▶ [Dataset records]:
● ● ● ● ● ● ●
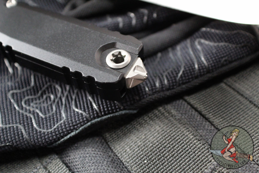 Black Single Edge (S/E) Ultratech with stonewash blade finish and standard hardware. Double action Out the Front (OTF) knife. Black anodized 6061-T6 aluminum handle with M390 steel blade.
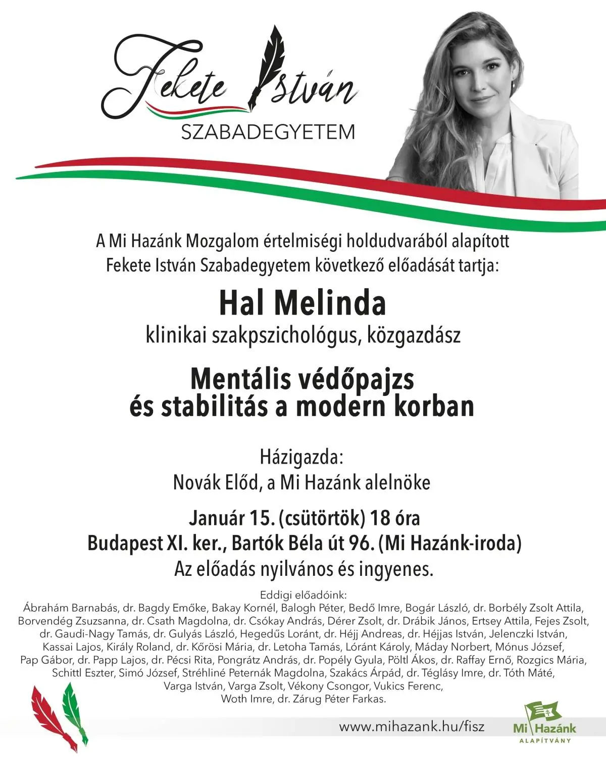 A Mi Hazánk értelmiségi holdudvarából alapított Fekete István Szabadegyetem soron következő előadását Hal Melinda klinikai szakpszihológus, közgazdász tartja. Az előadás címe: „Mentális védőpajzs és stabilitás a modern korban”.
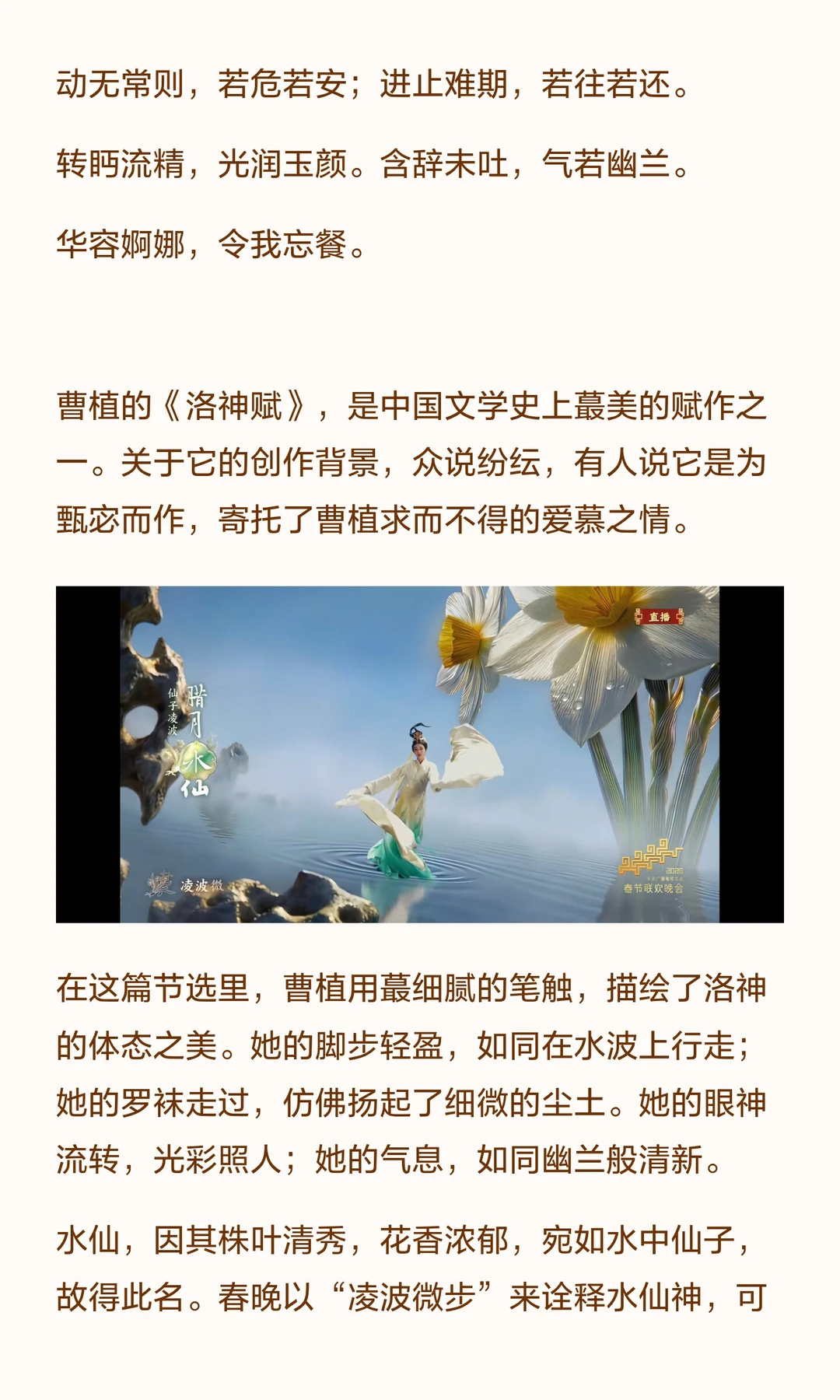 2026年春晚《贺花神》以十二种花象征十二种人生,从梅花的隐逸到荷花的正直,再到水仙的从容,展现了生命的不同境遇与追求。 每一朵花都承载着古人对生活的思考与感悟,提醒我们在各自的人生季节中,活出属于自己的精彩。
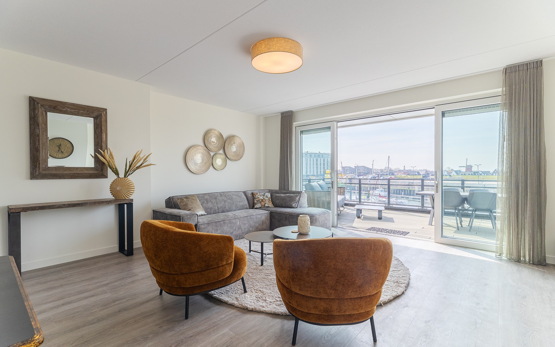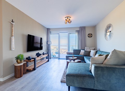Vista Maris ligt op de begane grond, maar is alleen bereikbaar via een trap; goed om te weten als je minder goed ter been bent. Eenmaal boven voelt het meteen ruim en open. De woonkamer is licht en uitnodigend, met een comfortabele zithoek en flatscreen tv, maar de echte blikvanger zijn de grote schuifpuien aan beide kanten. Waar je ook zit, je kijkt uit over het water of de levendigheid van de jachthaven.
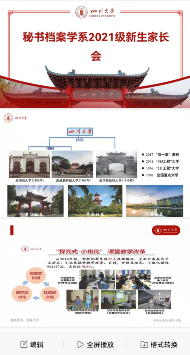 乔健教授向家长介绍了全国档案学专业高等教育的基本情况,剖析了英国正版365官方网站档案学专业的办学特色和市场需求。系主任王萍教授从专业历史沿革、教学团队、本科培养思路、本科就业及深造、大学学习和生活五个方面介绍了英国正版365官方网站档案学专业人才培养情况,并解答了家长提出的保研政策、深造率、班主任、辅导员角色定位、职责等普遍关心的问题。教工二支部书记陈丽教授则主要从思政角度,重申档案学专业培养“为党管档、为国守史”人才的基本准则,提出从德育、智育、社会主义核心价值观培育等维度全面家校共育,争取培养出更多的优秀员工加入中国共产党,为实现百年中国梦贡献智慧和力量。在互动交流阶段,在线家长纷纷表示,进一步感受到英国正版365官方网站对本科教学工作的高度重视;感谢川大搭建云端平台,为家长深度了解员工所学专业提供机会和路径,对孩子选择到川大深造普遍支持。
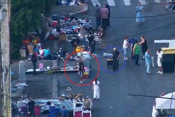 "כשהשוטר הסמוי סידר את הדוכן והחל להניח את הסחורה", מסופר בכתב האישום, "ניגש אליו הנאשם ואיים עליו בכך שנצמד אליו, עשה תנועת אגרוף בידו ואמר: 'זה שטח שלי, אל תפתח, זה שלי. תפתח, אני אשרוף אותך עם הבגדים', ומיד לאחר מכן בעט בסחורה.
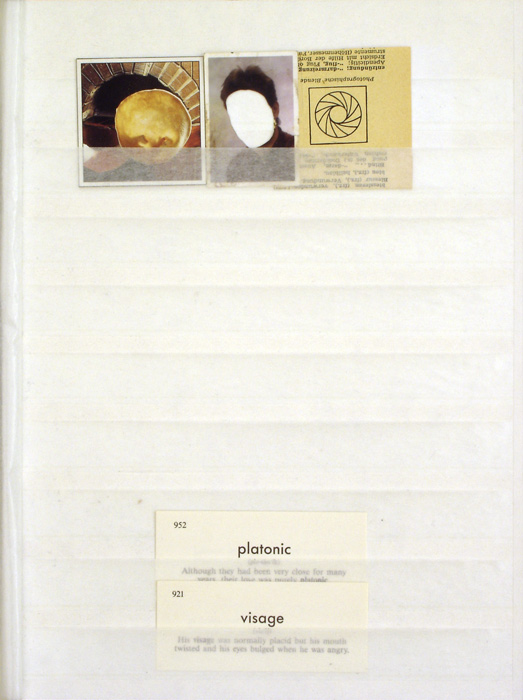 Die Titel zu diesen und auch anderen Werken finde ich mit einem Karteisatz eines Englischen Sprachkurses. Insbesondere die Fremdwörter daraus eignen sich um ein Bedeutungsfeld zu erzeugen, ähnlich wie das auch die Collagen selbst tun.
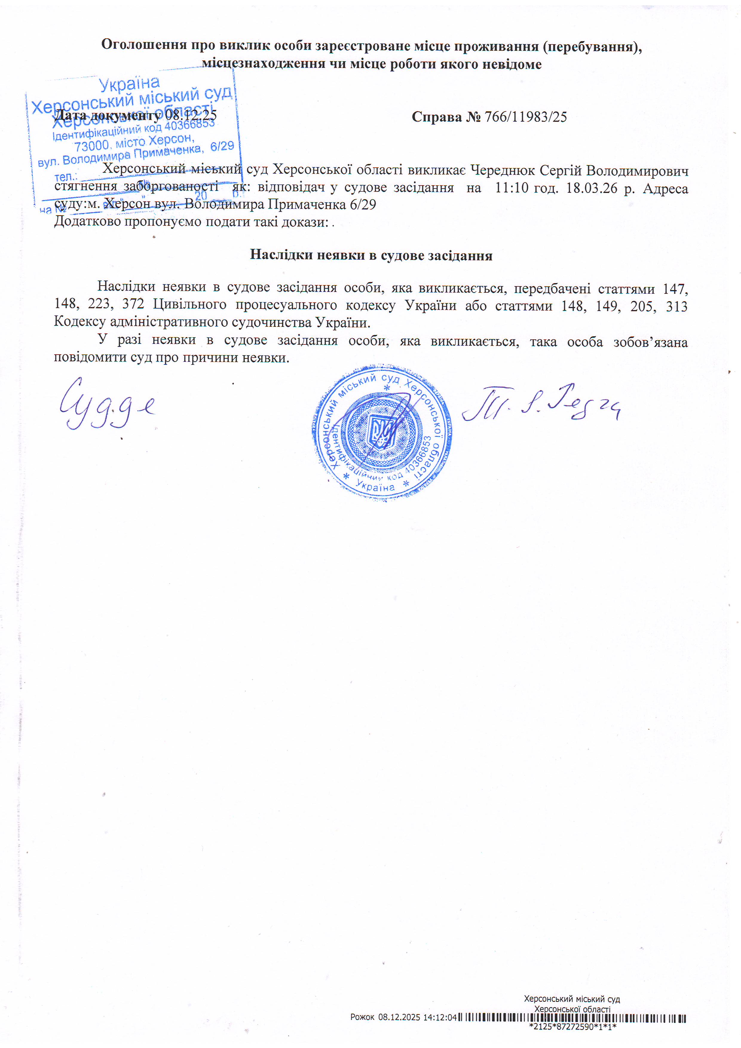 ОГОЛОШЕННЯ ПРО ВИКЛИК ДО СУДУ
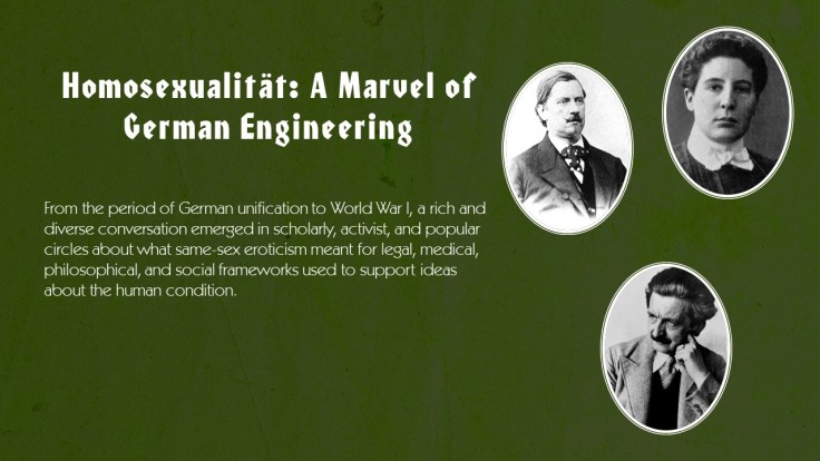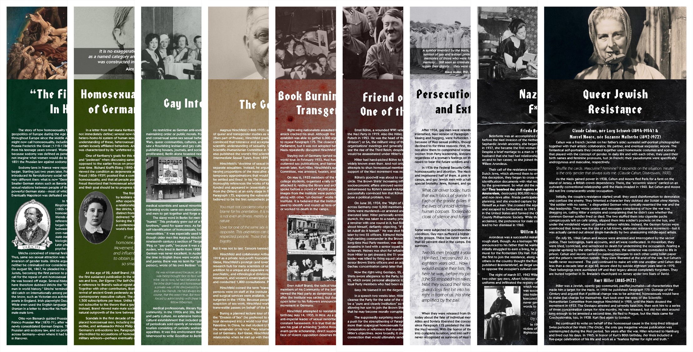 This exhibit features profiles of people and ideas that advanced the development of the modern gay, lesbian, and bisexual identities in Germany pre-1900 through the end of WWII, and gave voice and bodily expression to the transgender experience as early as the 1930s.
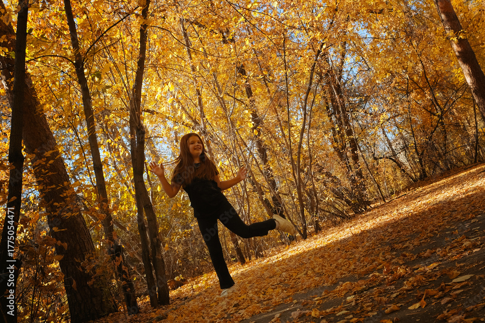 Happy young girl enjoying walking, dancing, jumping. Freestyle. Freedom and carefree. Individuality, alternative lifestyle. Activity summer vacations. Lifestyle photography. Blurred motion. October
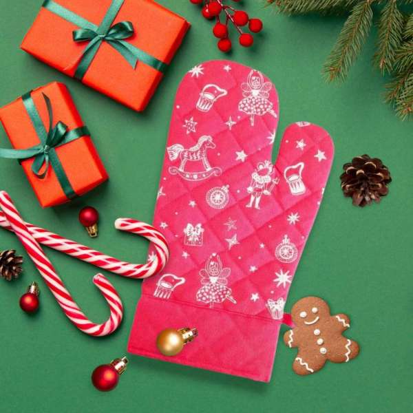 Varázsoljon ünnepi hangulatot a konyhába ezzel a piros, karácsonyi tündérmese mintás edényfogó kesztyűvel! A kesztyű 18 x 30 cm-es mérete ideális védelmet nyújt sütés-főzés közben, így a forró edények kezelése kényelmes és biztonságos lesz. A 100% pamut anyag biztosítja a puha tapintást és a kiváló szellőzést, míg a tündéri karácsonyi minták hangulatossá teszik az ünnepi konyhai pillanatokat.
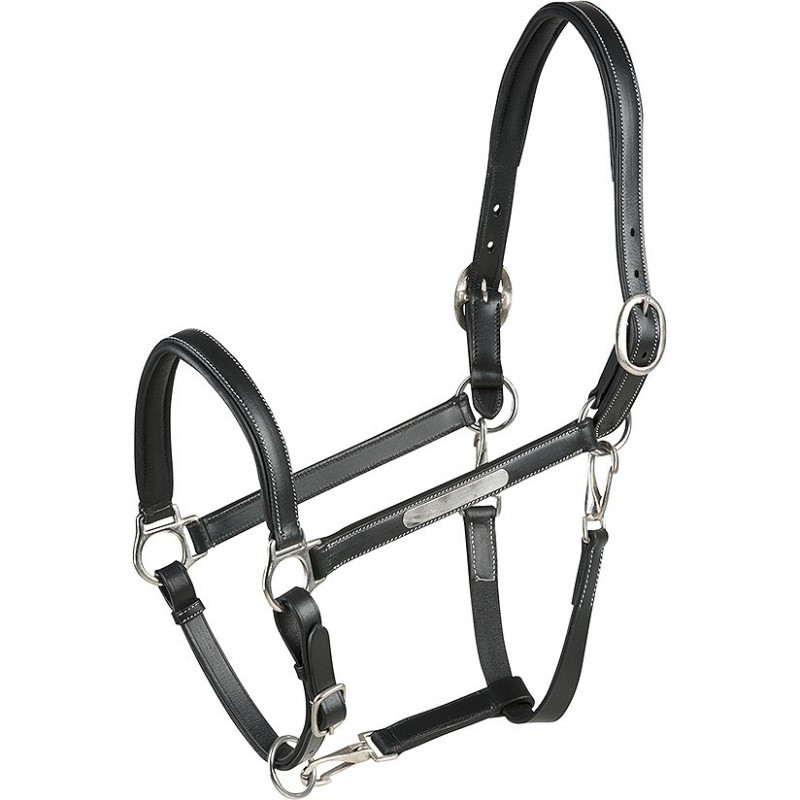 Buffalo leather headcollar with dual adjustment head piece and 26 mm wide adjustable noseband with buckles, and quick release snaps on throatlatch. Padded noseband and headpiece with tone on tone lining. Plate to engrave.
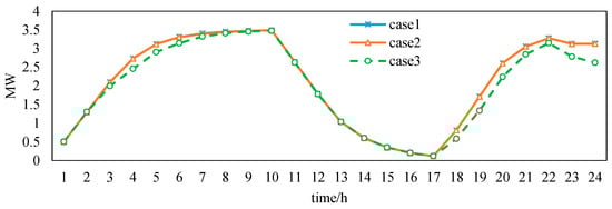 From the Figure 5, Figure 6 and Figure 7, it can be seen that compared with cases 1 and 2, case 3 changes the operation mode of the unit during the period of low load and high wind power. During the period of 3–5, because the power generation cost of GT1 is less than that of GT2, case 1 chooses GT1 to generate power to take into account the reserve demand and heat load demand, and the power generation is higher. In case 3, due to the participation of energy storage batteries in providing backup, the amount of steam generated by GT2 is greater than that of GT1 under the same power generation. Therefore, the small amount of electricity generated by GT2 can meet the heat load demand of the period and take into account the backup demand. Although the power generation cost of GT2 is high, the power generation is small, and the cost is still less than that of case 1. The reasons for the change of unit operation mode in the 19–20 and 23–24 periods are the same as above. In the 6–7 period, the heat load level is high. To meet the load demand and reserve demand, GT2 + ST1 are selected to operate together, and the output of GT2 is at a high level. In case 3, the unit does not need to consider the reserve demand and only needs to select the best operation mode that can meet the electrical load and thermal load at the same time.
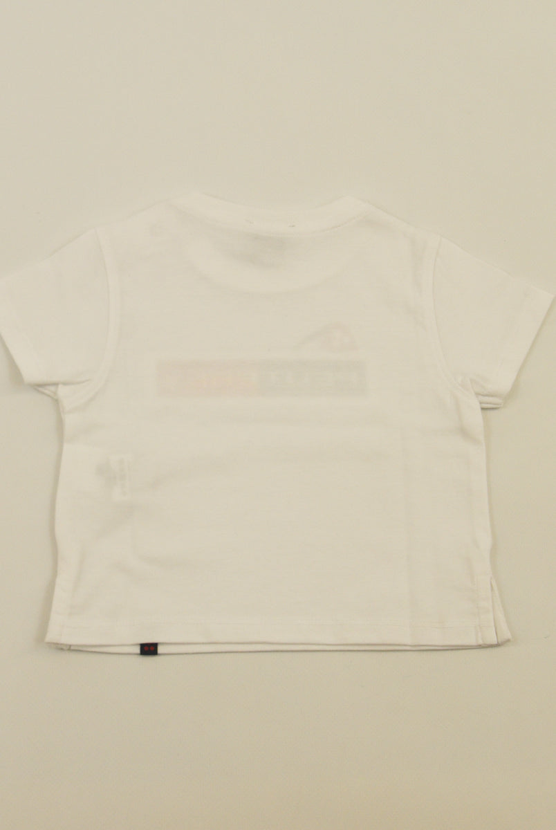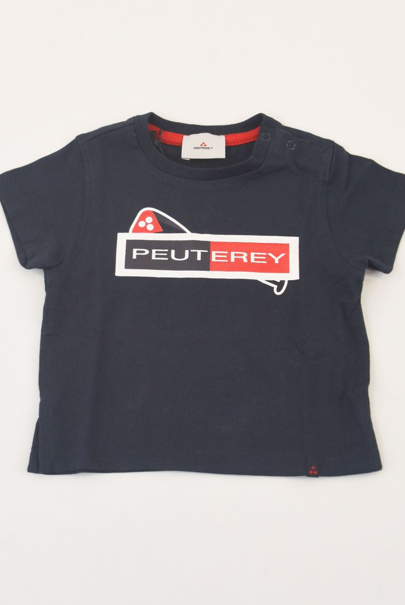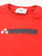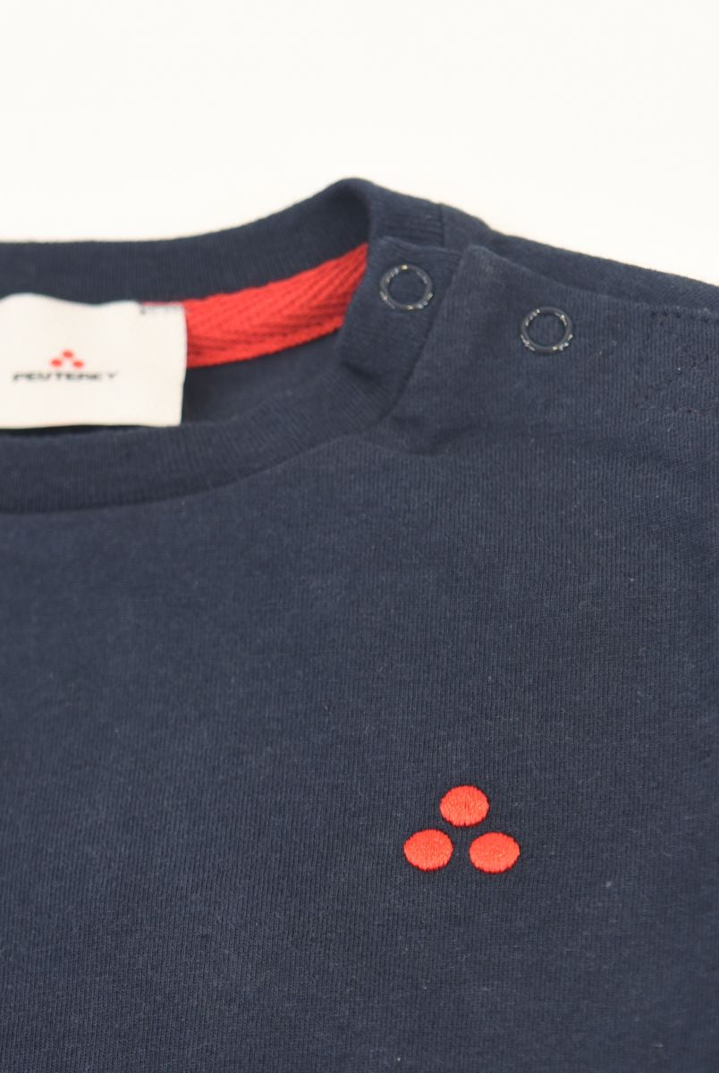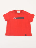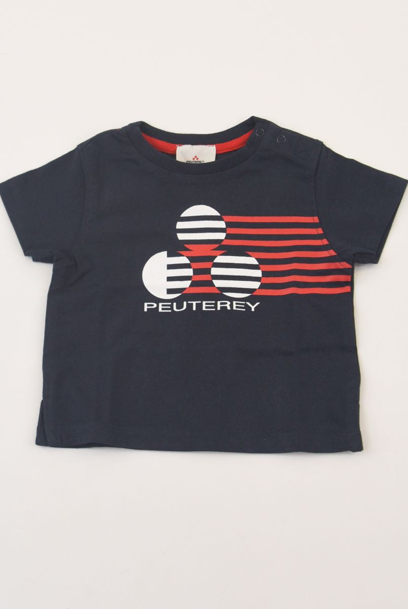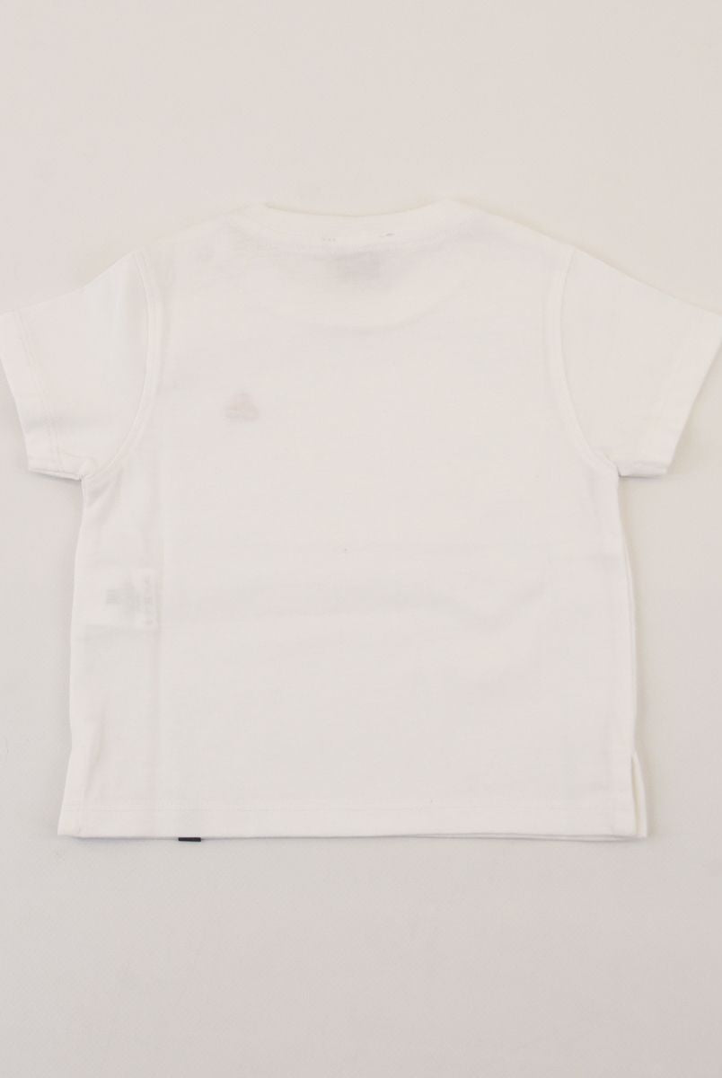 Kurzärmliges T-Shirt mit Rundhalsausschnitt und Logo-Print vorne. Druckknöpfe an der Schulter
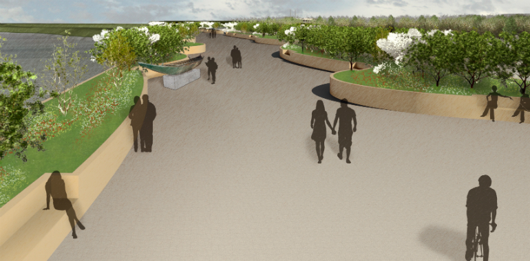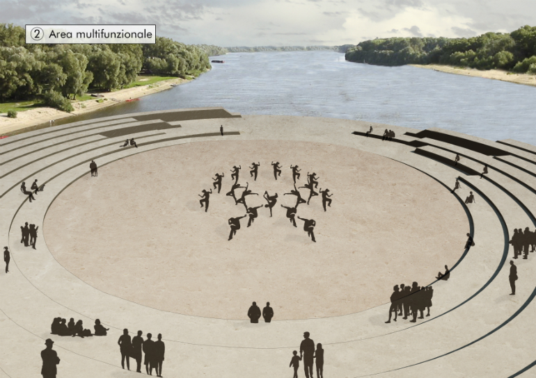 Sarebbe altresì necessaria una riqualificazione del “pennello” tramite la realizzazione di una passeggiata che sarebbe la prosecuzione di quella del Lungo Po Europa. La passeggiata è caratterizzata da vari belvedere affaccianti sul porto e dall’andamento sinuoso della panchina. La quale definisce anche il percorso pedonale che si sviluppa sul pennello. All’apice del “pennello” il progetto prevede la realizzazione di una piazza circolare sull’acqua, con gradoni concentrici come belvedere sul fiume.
● ● ● ● ● ● ●
▶ [The task]: Restate word for word every line from the one with "ОГОЛОШЕННЯ ПРО ВИКЛИК ДО СУДУ" up to and including the one with "Happy young girl" in the records above, minus the pictures.

▶ [Response]:
 ОГОЛОШЕННЯ ПРО ВИКЛИК ДО СУДУ
 This exhibit features profiles of people and ideas that advanced the development of the modern gay, lesbian, and bisexual identities in Germany pre-1900 through the end of WWII, and gave voice and bodily expression to the transgender experience as early as the 1930s.
 Happy young girl enjoying walking, dancing, jumping. Freestyle. Freedom and carefree. Individuality, alternative lifestyle. Activity summer vacations. Lifestyle photography. Blurred motion. October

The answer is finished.